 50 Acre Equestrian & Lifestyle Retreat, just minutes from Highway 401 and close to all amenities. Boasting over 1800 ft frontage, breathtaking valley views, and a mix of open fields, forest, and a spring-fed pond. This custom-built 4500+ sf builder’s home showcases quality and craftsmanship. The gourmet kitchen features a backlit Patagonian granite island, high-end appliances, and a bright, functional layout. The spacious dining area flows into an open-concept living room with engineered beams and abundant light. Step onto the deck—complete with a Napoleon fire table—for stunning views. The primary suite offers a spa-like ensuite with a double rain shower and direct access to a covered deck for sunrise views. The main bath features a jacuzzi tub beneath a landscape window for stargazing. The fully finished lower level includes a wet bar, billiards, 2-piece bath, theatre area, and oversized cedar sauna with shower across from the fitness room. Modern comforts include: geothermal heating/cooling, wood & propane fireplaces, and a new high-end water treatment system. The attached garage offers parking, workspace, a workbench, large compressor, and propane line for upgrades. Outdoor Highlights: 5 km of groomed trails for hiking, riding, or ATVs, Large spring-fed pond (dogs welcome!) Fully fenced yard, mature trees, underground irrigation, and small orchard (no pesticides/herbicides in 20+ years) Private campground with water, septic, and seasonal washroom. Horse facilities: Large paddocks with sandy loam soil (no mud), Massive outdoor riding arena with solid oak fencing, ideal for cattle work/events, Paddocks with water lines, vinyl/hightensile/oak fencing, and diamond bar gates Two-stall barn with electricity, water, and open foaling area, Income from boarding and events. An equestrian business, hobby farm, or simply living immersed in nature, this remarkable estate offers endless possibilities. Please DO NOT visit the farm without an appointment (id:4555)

━━━━━━━━━━━━━━━━━━━━━━━━━━━━━━

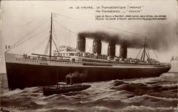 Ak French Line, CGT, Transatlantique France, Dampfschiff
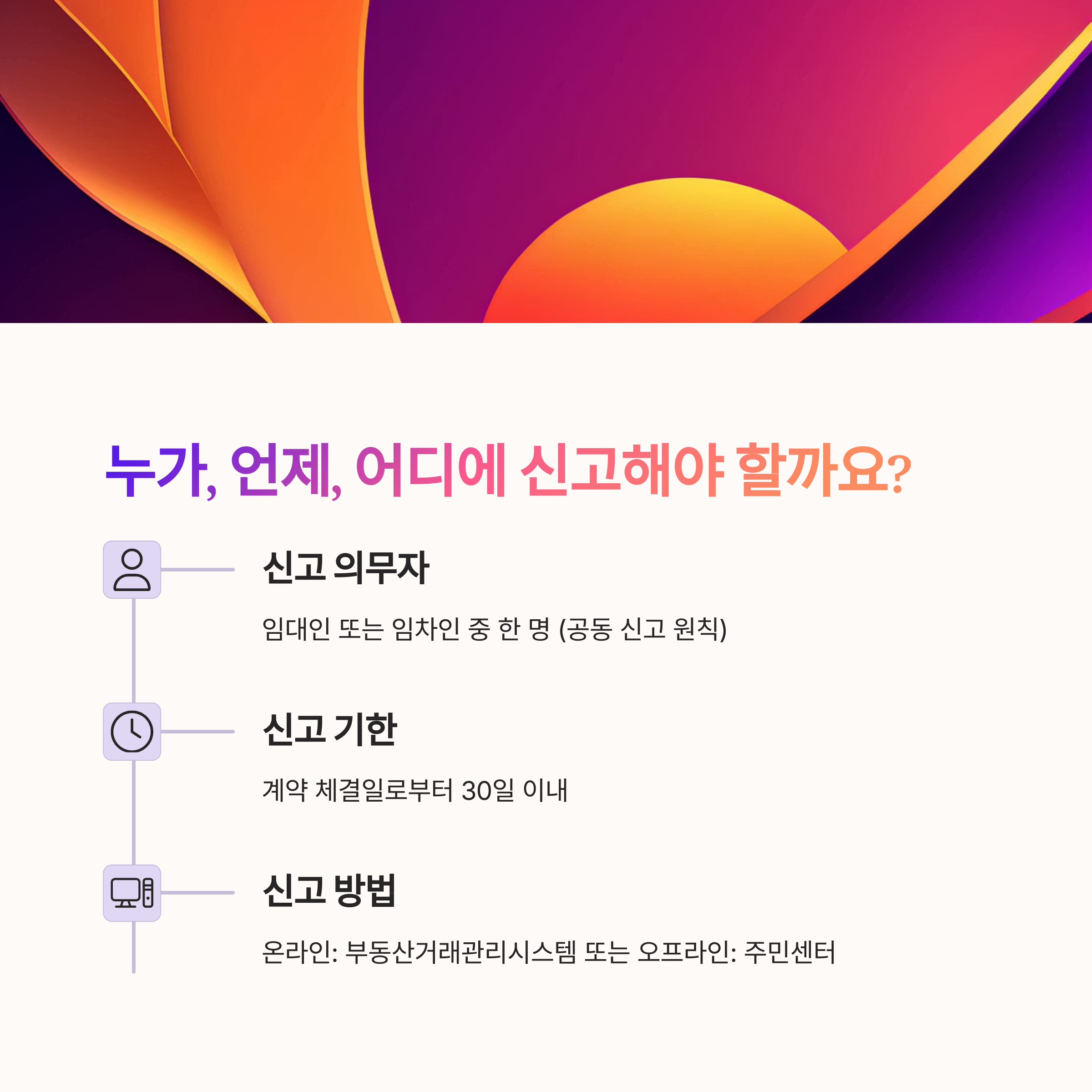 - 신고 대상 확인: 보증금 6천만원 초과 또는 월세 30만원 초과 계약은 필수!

━━━━━━━━━━━━━━━━━━━━━━━━━━━━━━

**Work request**
In the records above, find the line with "Ak French Line, CGT, Transatlantique" and the line with "- 신고 대상 확인: 보증금", then restate word for word only those two lines and all lines between, omitting pictures.

**Result for this task**
 Ak French Line, CGT, Transatlantique France, Dampfschiff
 - 신고 대상 확인: 보증금 6천만원 초과 또는 월세 30만원 초과 계약은 필수!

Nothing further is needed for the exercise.